Should IV Antibiotics Be Administered by Prolonged Infusion?

Can J Hosp Pharm. 2010 May-Jun; 63(3): 246–248.

The “PRO” Side

Robert Ariano, PharmD, BCPS, FCCM
Pharmacy Department, St Boniface General Hospital, Winnipeg, Manitoba
Sheryl Zelenitsky, BScPharm, PharmD

Prolonged infusion of antimicrobial agents has been suggested as a means of optimizing therapy for infectious diseases. Opponents of this approach claim a lack of clinical evidence and the need for extensive resources to support these activities. Our position is that prolonged infusion of antimicrobials can save lives. Our focus is on serious infections and the use of time-dependent agents like the penicillins and carbapenems.
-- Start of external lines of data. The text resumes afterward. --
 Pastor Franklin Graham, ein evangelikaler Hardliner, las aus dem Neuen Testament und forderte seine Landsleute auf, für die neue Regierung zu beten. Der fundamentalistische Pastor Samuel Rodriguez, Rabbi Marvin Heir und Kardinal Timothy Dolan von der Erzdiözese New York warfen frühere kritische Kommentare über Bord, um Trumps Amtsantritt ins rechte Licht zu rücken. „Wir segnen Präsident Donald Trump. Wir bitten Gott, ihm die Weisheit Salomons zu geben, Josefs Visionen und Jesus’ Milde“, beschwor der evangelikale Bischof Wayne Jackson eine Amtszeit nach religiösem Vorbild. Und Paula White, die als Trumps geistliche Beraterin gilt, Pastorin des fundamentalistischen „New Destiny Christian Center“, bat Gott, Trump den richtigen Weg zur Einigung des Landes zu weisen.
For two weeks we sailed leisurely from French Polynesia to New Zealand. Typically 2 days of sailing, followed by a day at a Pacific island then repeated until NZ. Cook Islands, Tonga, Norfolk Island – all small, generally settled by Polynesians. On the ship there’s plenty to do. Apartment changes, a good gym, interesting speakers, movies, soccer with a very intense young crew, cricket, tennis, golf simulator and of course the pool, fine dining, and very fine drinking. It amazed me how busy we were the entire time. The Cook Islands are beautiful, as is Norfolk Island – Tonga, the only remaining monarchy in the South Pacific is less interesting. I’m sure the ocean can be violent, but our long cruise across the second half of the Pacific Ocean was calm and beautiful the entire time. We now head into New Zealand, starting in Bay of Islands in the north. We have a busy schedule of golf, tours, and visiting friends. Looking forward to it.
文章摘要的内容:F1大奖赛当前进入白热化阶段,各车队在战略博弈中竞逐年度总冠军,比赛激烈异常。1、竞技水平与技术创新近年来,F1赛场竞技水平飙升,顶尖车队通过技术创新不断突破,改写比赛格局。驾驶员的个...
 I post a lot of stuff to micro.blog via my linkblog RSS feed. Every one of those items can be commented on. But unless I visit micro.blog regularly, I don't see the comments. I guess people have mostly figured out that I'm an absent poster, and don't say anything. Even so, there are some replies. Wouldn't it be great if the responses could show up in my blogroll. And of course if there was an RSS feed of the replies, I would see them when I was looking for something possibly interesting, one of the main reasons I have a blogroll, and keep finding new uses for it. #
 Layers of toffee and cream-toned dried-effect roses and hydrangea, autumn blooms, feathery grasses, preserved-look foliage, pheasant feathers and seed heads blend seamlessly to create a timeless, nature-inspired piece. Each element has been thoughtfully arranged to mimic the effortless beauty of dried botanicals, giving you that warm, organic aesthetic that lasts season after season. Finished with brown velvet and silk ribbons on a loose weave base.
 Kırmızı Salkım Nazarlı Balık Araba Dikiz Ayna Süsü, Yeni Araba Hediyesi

We advocate prolonged infusions to combat the potential misuse of time-dependent antimicrobials, driven by the following myths:

  • A laboratory-reported “S” (for “susceptible”) means that the agent will be effective, and all S’s are equal.
  • Manufacturer-recommended doses are always more than is necessary.
  • If treatment failure occurs, it must be due to factors other than the antimicrobial agent.
  • Resistance is “inevitable”, and discovering new agents is the only solution.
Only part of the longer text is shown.